Data Warehouse vs Database: A data warehouse is specially designed for data analytics, which involves reading large amounts of data to understand relationships and trends across the data. A database is used to capture and store data, such as recording details of a transaction.

Data Warehouse: Suitable workloads - Analytics, reporting, big data. Data source - Data collected and normalized from many sources. Data capture - Bulk write operations typically on a predetermined batch schedule. Data normalization - Denormalized schemas, such as the Star schema or Snowflake schema. Data storage - Optimized for simplicity of access and high-speed query. performance using columnar storage. Data access - Optimized to minimize I/O and maximize data throughput.

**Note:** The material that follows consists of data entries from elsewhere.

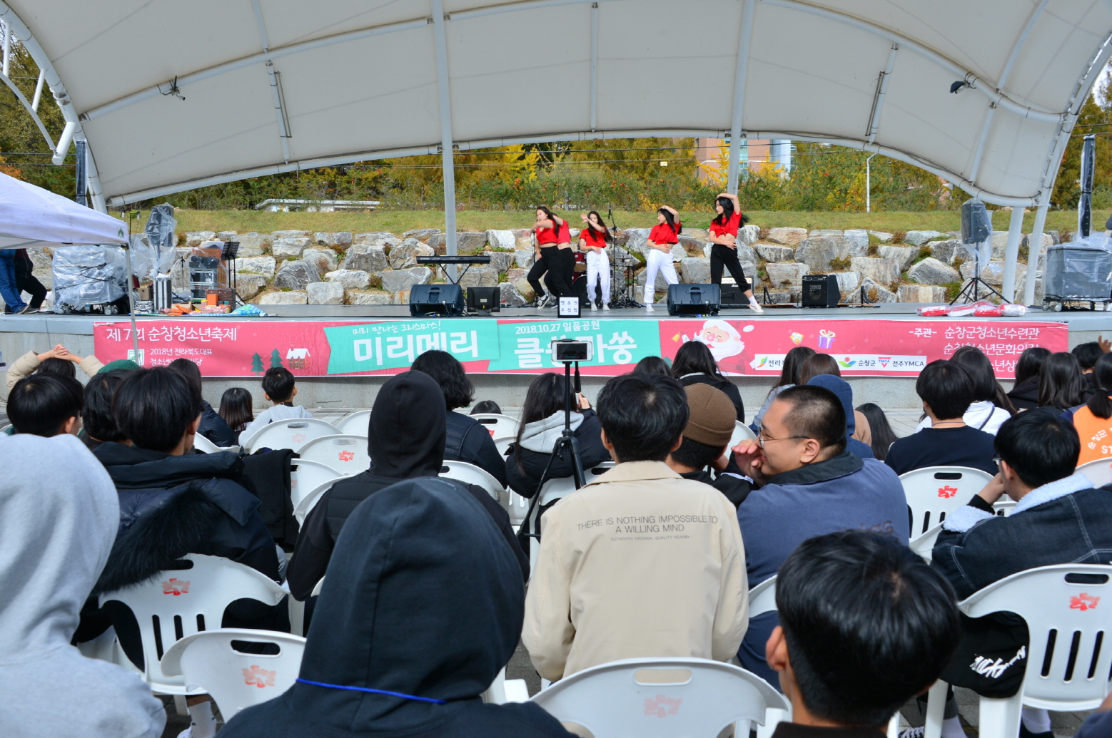 - 27일 제7회 순창청소년축제가 일품공원에서 `미리메리 클쑹마쑹`이라는 슬로건으로 10월에 크리스마스 분위기를 조성하며 열렸다.청소년 30여명으로 구성된 축제기획단이 지난 9월 29일부터 매주 토요일마다 회의를 통해 공연, 홍보, 부스운영 등 3개 팀으로 구성해 각 팀장을 주축으로 축제를 준비했다.이날 행운권 추첨을 시작으로, 순창청소년수련관 이신자 관장의 개회사, 추진단의 개회선언, 노래자랑과 초청공연 등이 이어졌고, 다양한 체험거리를 준비했다. -2018년 10월 27일-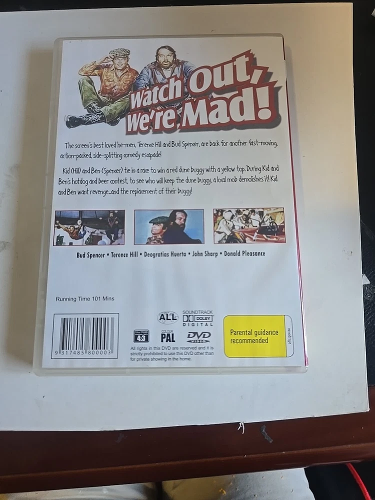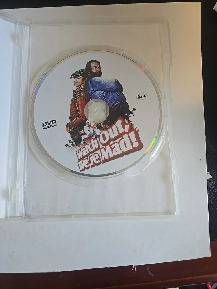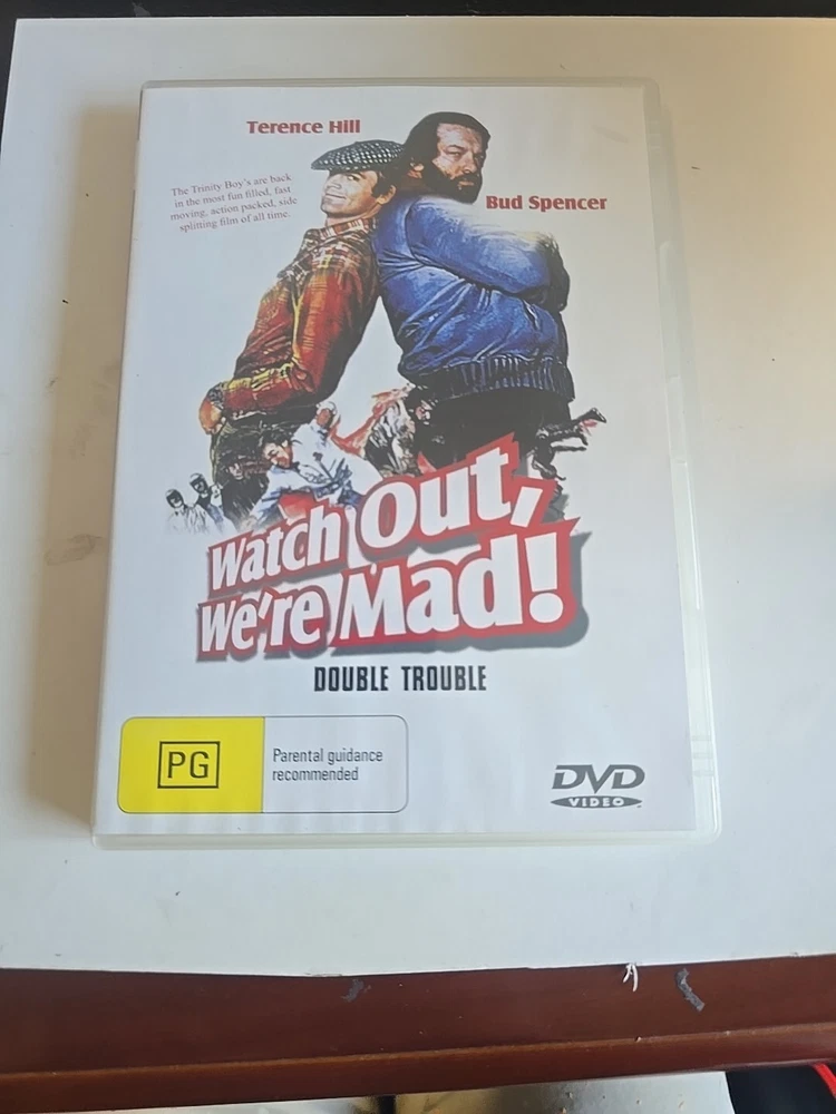 DVD - WATCH OUT WE'RE MAD (1944) Region Free features the dynamic duo of Terence Hill and Bud Spencer in this action-packed adventure comedy. The movie is rated PG and is presented in PAL video format, suitable for worldwide viewing. Housed in a tall DVD case, this film is a must-have for fans of the genre. Enjoy the comedic antics and thrilling stunts of Hill and Spencer as they navigate through a series of hilarious mishaps in this classic film.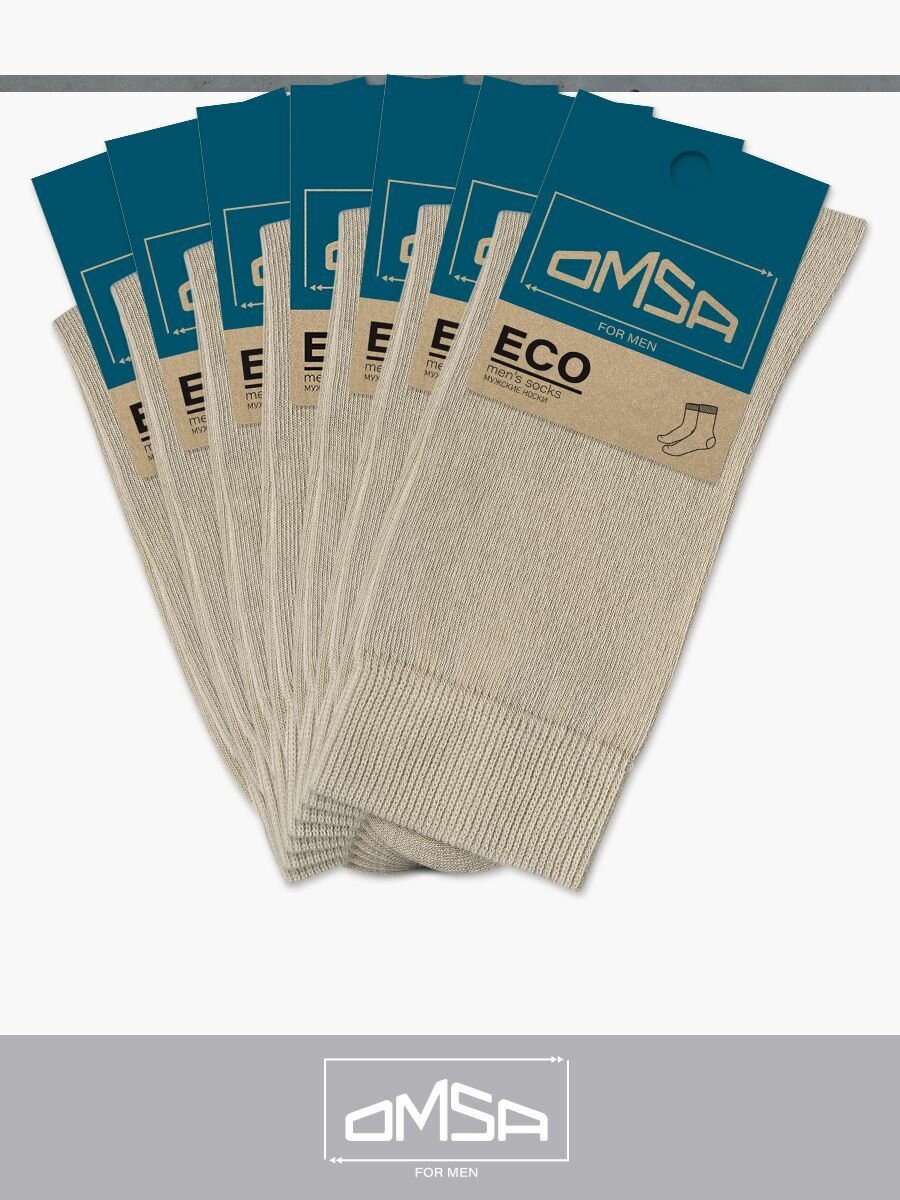 Носки мужские OMSA ECO 401, высокие, комплект 7 шт, Цвет Grigio Chiaro, Размер 45-47 (29-31), уп."Крафт"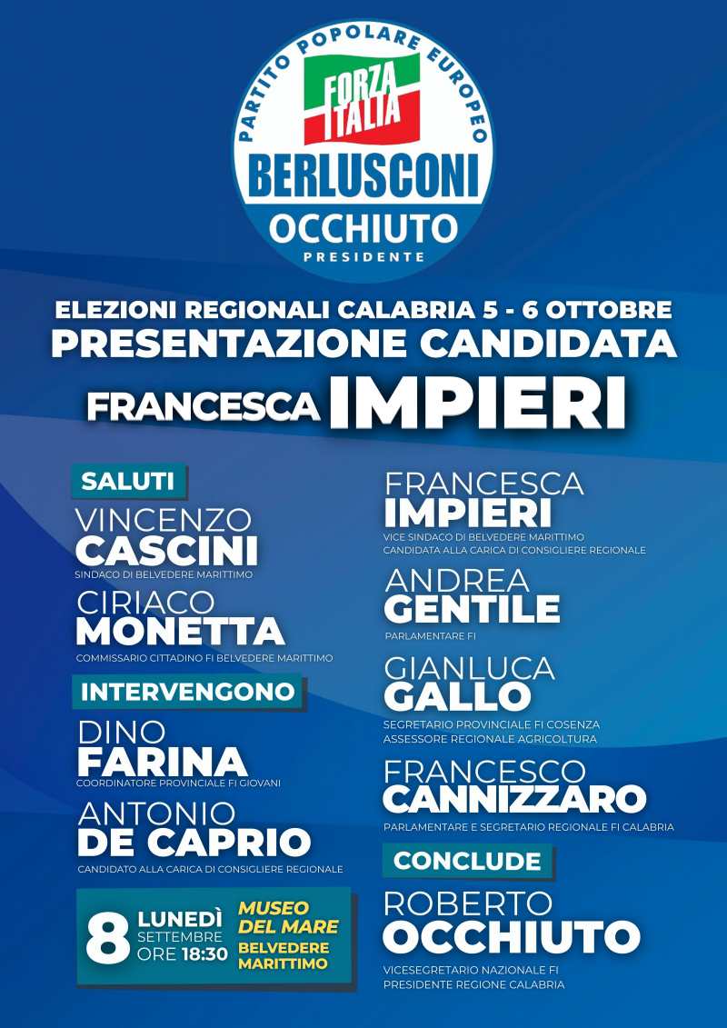 «Scendere in campo oggi significa assumersi una responsabilità verso la propria terra. La mia candidatura nasce dalla volontà di dare voce al Tirreno cosentino e a tutta la provincia, e di contribuire così – partendo dai territori e dalle realtà locali – al futuro della Calabria». Con queste parole Francesca Impieri, vicesindaca di Belvedere Marittimo, annuncia l’avvio della sua campagna elettorale per le Regionali del 5 e 6 ottobre, nella circoscrizione Nord, con la lista di Forza Italia. L’apertura ufficiale si terrà lunedì 8 settembre alle ore 18:30 presso il Museo del Mare della cittadina tirrenica.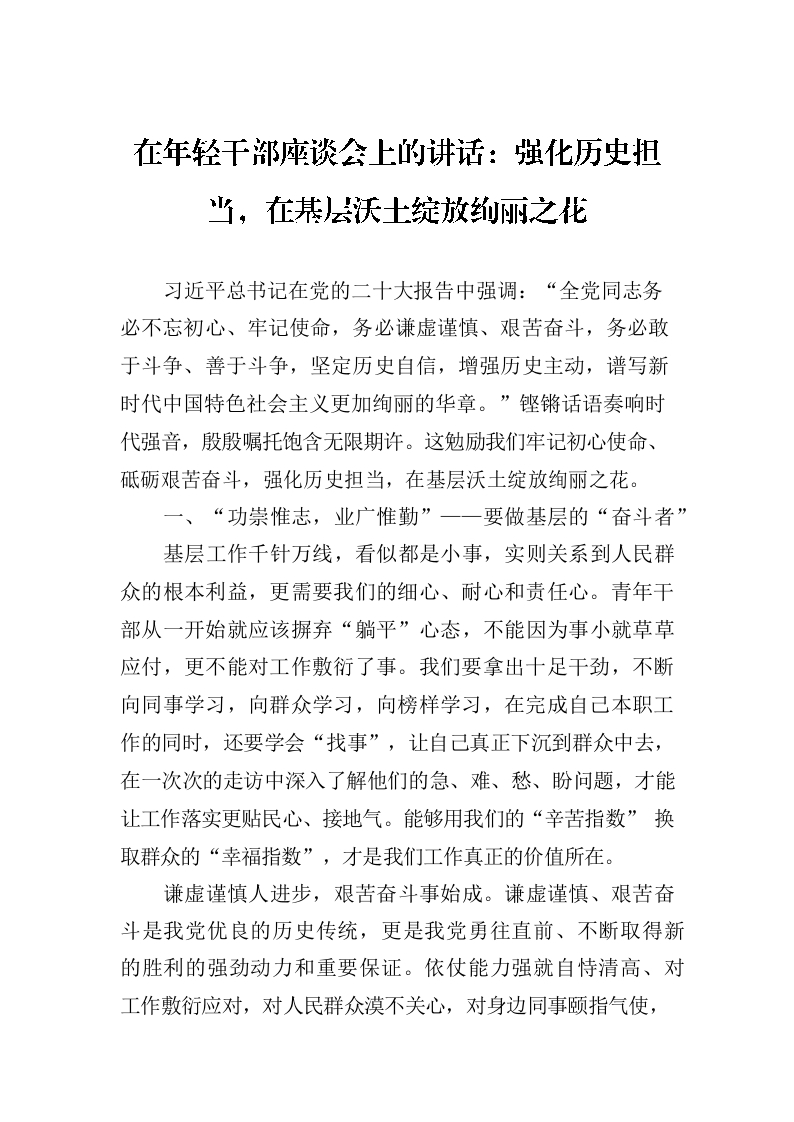 / 在年轻干部座谈会上的讲话:强化历史担当,在基层沃土绽放绚丽之花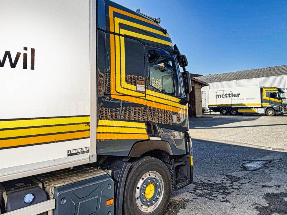 Nach rund 30 Jahren wurde das Geschäft von den Söhnen Hanspeter und Christian Mettler weitergeführt. Im laufe der Jahre konnte der Fahrzeugpark dank wachsender Kundschaft ausgebaut werden. Im Januar 1997 übernahmen wir in Amriswil ein bestehendes Transportunternehmen. Somit verlagerten wir unsere Fahrzeugflotte nach Amriswil in das Gewerbe-und Industriegebiet Schrofen, womit einem weiteren Wachstum unserer Firma nichts mehr im Wege stehen konnte. Die Büroräumlichkeiten behielten wir aber an unserem Wohnsitz in Bischofszell. Damit wir nebst Transporte auch Lager und Umschlag anbieten können, entschieden wir uns im Jahre 2009 eine Lagerhalle angrenzend an der bestehenden Garage zu errichten. Dank unserer geschätzten Kundschaft können wir auf eine über sechzigjährige Firmengeschichte zurückblicken.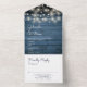 Invitation Tout En Un Mariage Monogramme en bois rustique bleu
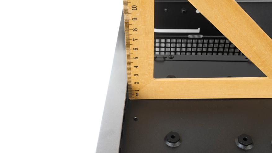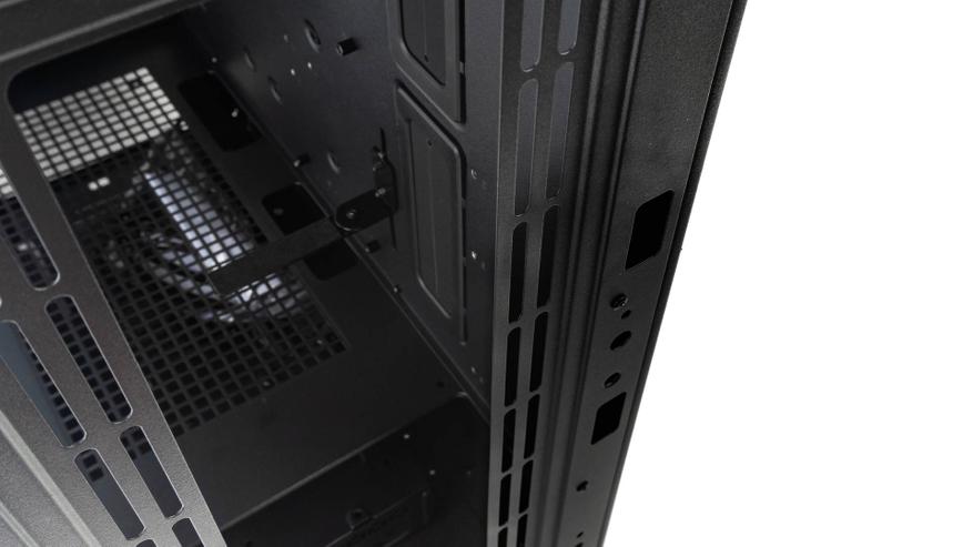 За правой боковой панелью имеется пространство для укладки кабелей, размером в 20-мм. В верхней и средней частях располагаются пять технических отверстия под укладку кабелей: три вертикальных и два горизонтальных. Нижние отверстия имеют прорезиненные вставки. По всей металлической панели равномерно расположены крепления под кабельные стяжки.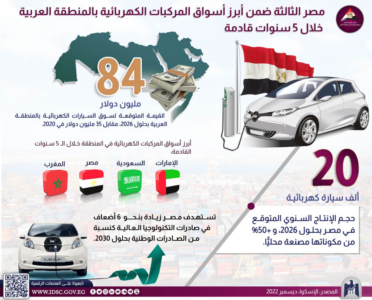 نشر مركز معلومات مجلس الوزراء المصري إنفوجرافيك جديدا بعنوان: "مصر الثالثة ضمن أبرز أسواق المركبات الكهربائية بالمنطقة العربية خلال 5 سنوات قادمة"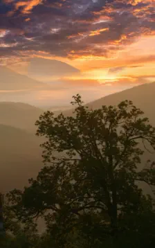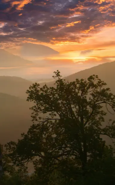 steil aufragenden Sindelsberg. Nebelschwaden verschleiern die bunt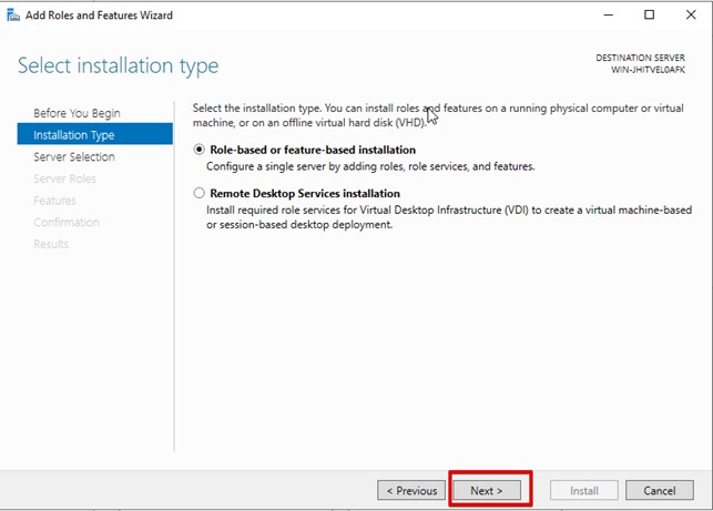 From the Select installation type screen, select the Role-based or feature-based installation option: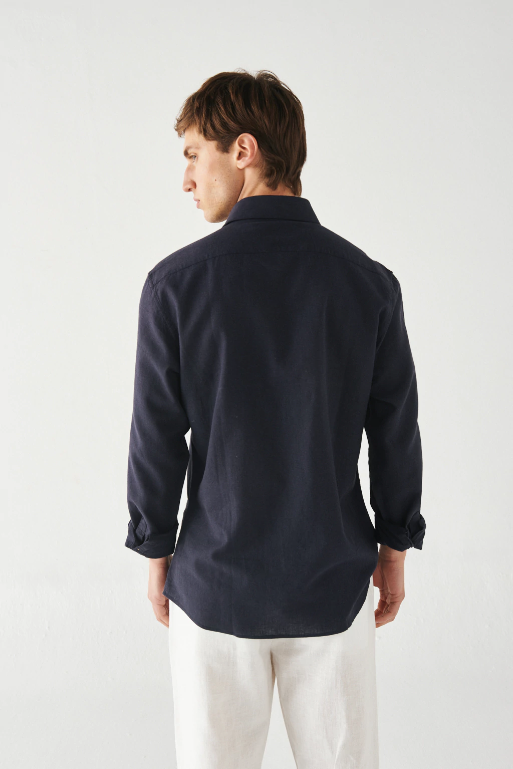 Camisa de manga larga confeccionada en una mezcla de lino (55%) y algodón (45%), perfecta para uso diario, tiempo libre o vacaciones. Su diseño de calce slim brinda un ajuste moderno y favorecedor. Cuenta con un cuello clásico y una práctica cartera con botones marmolados que aportan un toque distintivo. Incluye un bordado PRT en el pecho como detalle de marca. Ideal para un look relajado y elegante, combinando frescura y estilo en cualquier ocasión.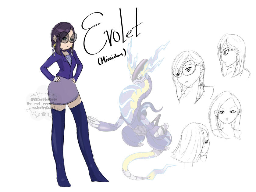 Siding with Kaito, Evolet is known as the Future Legendary Pokemon. She is strict yet reasonable during her battles. She loves food, but she is not at all as glutton as Kaito is, to which she scolds him, for the sake of trying to help him focus. She can take on both human and Pokemon form, according to headcanon.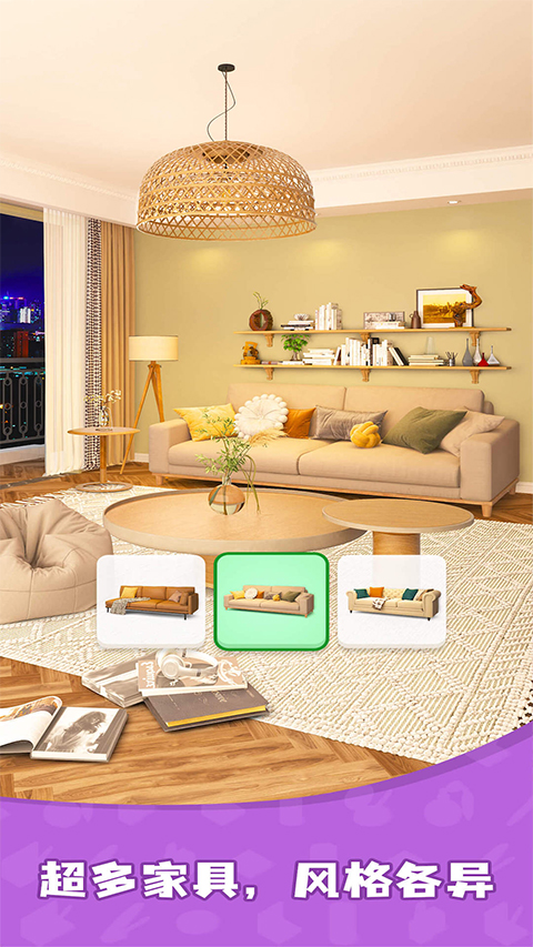 3、完成订单后,客户会给予你一定的评价,评价越高,获得的奖励更丰厚~装扮新家的物资全靠它了,北欧风还是中式田园,各种精美的家具在等待你的青睐,准备足够的金币,才能拥有更豪华的房间哦~不断进阶,公寓还能变成大别野。
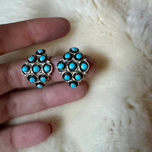 Navajo Sterling Silver Turquoise Blossom Post Earring's Signed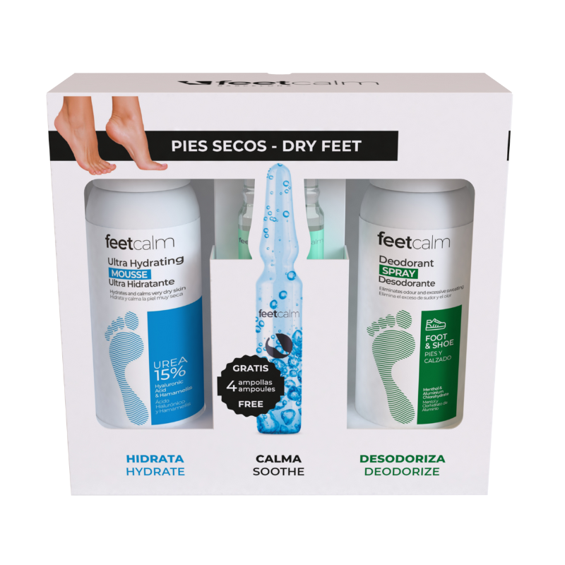 - MOUSSE ULTRA HIDRATANTE, 75ml: Crema en espuma formulada para hidratar en profundidad y aportar alivio inmediato a pies y piernas irritadas. Con 15% de Urea, Ácido Hialurónico, Aceite de Oliva y Hamamelis, favorece el flujo de la sangre aliviando la pesadez en pies y piernas.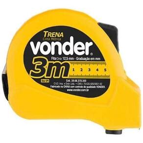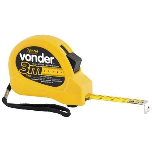 Indicada para medições em geral. Possui estojo anatômico em ABS de alta resistência. Fita em aço com pintura fosca antirreflexo, numeração contínua e graduação em milímetros, facilitando a leitura e proporcionando maior precisão. Possui trava da fita que facilita a leitura, alça em nylon e presilha para cinto, auxiliando no transporte e segurança durante o uso. Trena de Aço 3m x 12,5mm - Vonder 38.68.370.003 Indicada para medições em geral. Possui estojo anatômico em ABS de alta resistência. Fita em aço com pintura fosca antirreflexo, numeração contínua e graduação em milímetros, facilitando a leitura e proporcionando maior precisão. Possui trava da fita que facilita a leitura, alça em nylon e presilha para cinto, auxiliando no transporte e segurança durante o uso. Detalhes Técnicos: Comprimento da trena:3 m Largura da fita da trena: 12,5 mm Revestimento da fita da trena: pintado Acabamento da fita da trena: pintura fosca antirreflexo Graduação da trena: mm Material da caixa da trena: ABS de alta resistência Sistema de trava da trena: botão Classe de precisão: classe II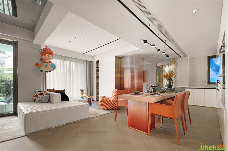 樣板間設(shè)計(jì)開(kāi)放的廚房,讓需要長(zhǎng)時(shí)間待在餐廳的人,不被空間所割離,讓任何活動(dòng)是能被看到,能被關(guān)注到的,同時(shí),隨時(shí)的互動(dòng)可能也讓交流更暢快,陪伴更輕松。家的關(guān)系因空間更為融洽合理。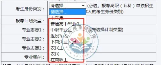 说明 3:退役军人考生身份类别已经过确认,填报志愿时不再允许自行修改;其他考生身份类别显示“未采集”,考生填报志愿时必须先选择考生身份类别。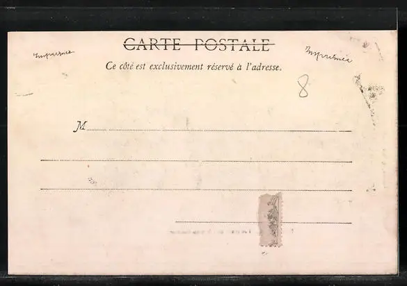 Personenbezogene Daten auf der Rückseite der Karte wurden durch blauen Textmarker unkenntlich gemacht. Die blauen Stellen sind auf die Vorderseite durchgeweicht und wirken sich negativ auf das Postkartenfoto aus

Transactional Database: Suitable workloads - Transaction processing. Data source - Data captured as-is from a single source, such as a transactional system. Data capture - Optimized for continuous write operations as new data is available to maximize transaction throughput. Data normalization - Highly normalized, static schemas. Data storage - Optimized for high throughout write operations to a single row-oriented physical block. Data access - High volumes of small read operations.


Database:

Used for Online Transactional Processing (OLTP).

  • Transaction-oriented.
  • Application oriented.
  • Current data.
  • Detailed data.
  • Scalable data.
  • Many Users, Administrators / Operational.
  • Execution time: short.

Data Warehouse:

Used for Online Analytical Processing (OLAP).

  • Oriented analysis.
  • Subject oriented.
  • Historical data.
  • Aggregated data.
  • Static data.
  • Not many users, manager.
  • Execution time: long.

Check out this for more information.

From a previous link:

Database

  1. Used for Online Transactional Processing (OLTP) but can be used for other purposes such as Data Warehousing. This records the data from the user for history.
  2. The tables and joins are complex since they are normalized (for RDMS). This is done to reduce redundant data and to save storage space.
  3. Entity – Relational modeling techniques are used for RDMS database design.
  4. Optimized for write operation.
  5. Performance is low for analysis queries.

Data Warehouse

  1. Used for Online Analytical Processing (OLAP). This reads the historical data for the Users for business decisions.
  2. The Tables and joins are simple since they are de-normalized. This is done to reduce the response time for analytical queries.
  3. Data – Modeling techniques are used for the Data Warehouse design.
  4. Optimized for read operations.
  5. High performance for analytical queries.
  6. Is usually a Database.

It's important to note as well that Data Warehouses could be sourced from zero to many databases.